ESA and Airbus wanted to simulate separation failures with a physical model in order to test the controller’s ability to detect failures and undertake corrective action. They also needed to simulate sloshing propellant, leaks in pipelines, stuck valves, and a range of other faults. In addition, they wanted to run optimizations to identify the worst-case performance of the system should faults occur.
ESA and Airbus engineers sought to test their control algorithms on flight computer hardware as early as possible in development. As control algorithms grow in complexity, they push the limits of processor performance and other computing resources. The engineers needed to verify algorithm performance and resource utilization on a representative flight computer while the controller was being designed, when it would be easiest to correct problems.
ESA and Airbus engineers used Model-Based Design with MATLAB and Simulink to create the USACDF, which enables closed-loop simulation and verification of control algorithms with physical models.
Working in Simulink, the engineers were able to compensate for dynamic unbalance caused by uneven distribution of propellant. They coupled the plant model to a computational fluid dynamics (CFD) solver to analyze the effects of propellant sloshing via closed-loop simulations.
Using Simulink Design Optimization™ they performed optimizations to find the worst-case scenario of the separation process by identifying values for the mass, center-of-gravity offset, and other system uncertainties that maximize the pointing error of the system.
A mission and vehicle management state machine was developed in Stateflow® to model the sequential decision logic for normal operations and failure modes.
The team added comments to the model and used Requirements Toolbox™ to link elements of the model to system requirements defined in a Microsoft® Word® document. Later, the team used Simulink Report Generator™ to create documentation that incorporated the comments, the linked requirements, and the simulation results for each requirement.
The engineers used Simscape Multibody™ to create a 3D mechanical model of the separation mechanism and Simscape Fluids™ for models of the pipelines and valves for the cold gas and hydrazine thrusters. Their Simscape model included pipeline leaks, stuck valves, and other separation malfunctions. This enabled them to exercise their control algorithms more completely.
Using Embedded Coder®, they generated C code from their controller model, and checked the code for run-time errors using Polyspace Bug Finder™. After verifying this code with software-in-the-loop tests, the team used it to conduct real-time tests on dSPACE® hardware and later processor-in-the-loop (PIL) tests on ESA LEON2 processors.

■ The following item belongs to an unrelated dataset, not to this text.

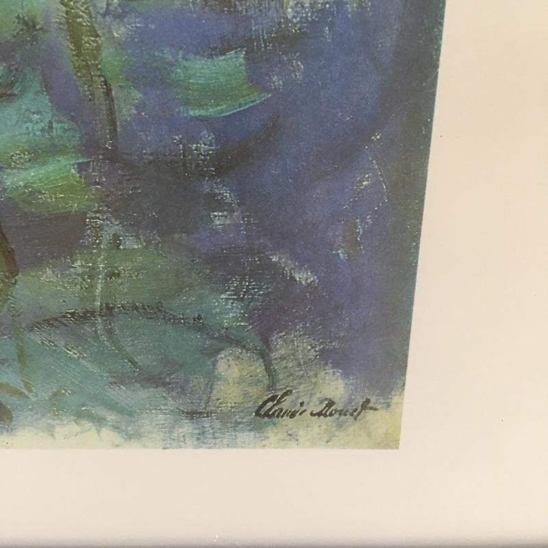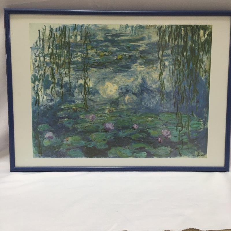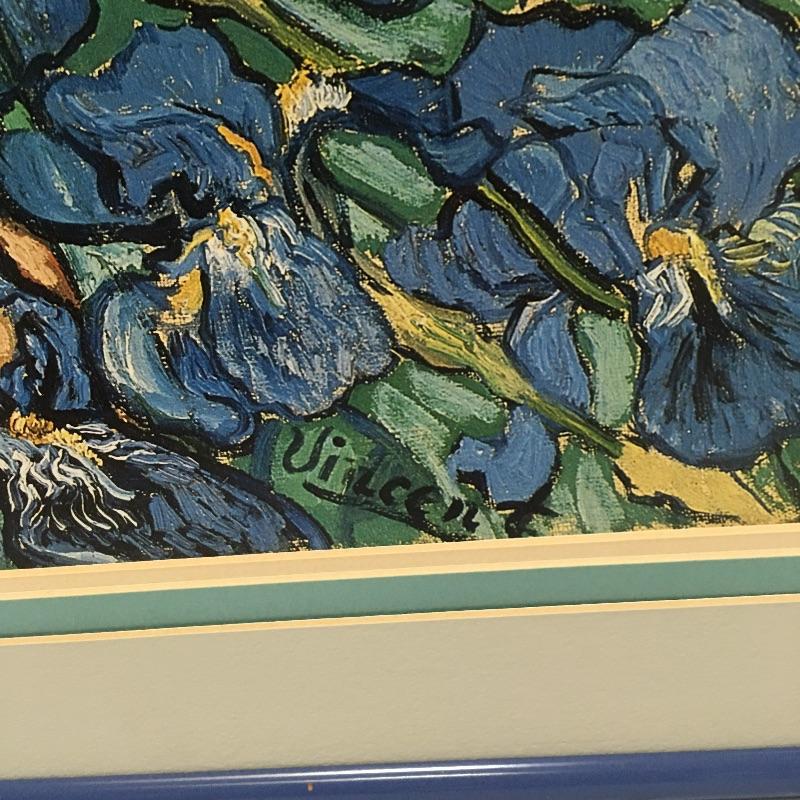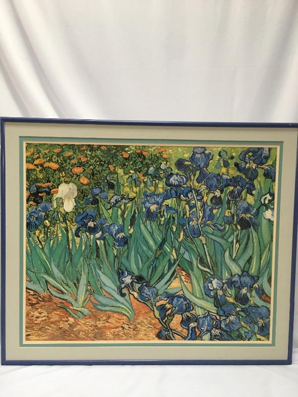 Monet framed artwork titled Water Lilies and a Van Gogh Framed and matted artwork titled Irises with notecards. Largest frame measures 32.5” x 38.75”.

The resulting USACDF is used to build demonstrators for complex orbital servicing mission operations concepts.
- Design iterations reduced from one week to one day. “With Model-Based Design I can complete in one day design iterations that would take a week with our former approach,” says Hans Strauch, senior GNC expert at Airbus. Bennani adds, “We need less iteration than we did before because we can perform simulations that span multiple domains.”

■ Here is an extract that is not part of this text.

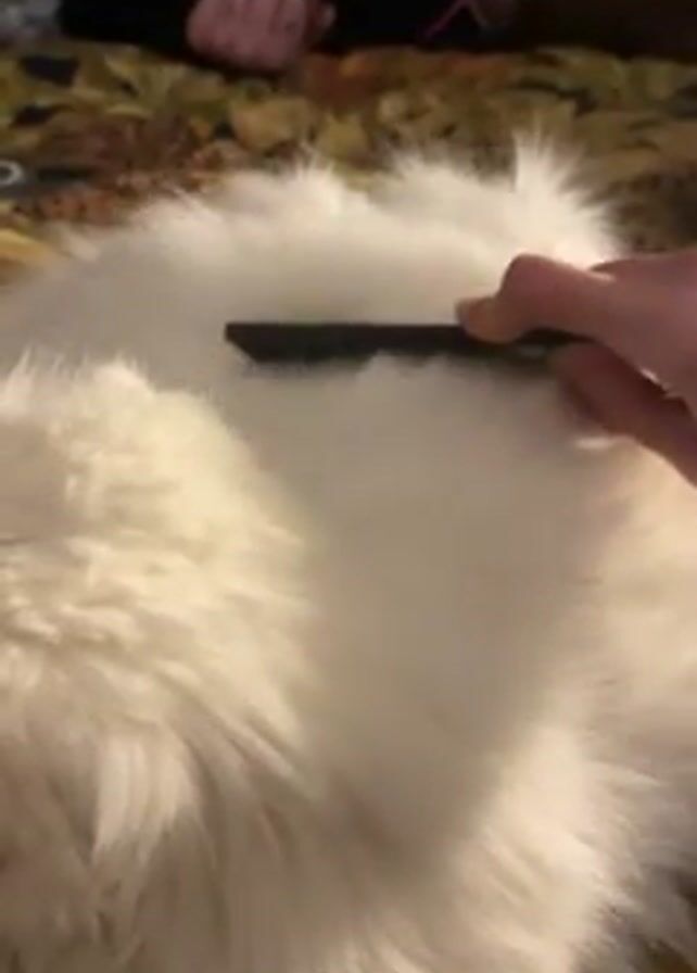 A person is brushing the fur of a large, white, long-haired animal with a black comb. The animal is lying on a patterned surface. Another person is visible in the background, sitting on the surface, but their actions are unclear. The primary focus is on the grooming of the animal.

- Failure modes modeled and eliminated. “Closed-loop simulations in Simulink enabled us to answer questions at the system level that we were previously unable to answer in such an exact way,” Bennani says. “We can explain to the system engineer where problems could arise during complex operations and show at a high level the effect of specific design choices.”
- Comprehensive design framework established. “Model-Based Design enabled us to create a framework for designing flight controllers with state-of-the art robust control design algorithms, creating multidomain physical models, tuning the design through optimization, and generating code for PIL testing on target hardware—all in the same environment,” says Strauch.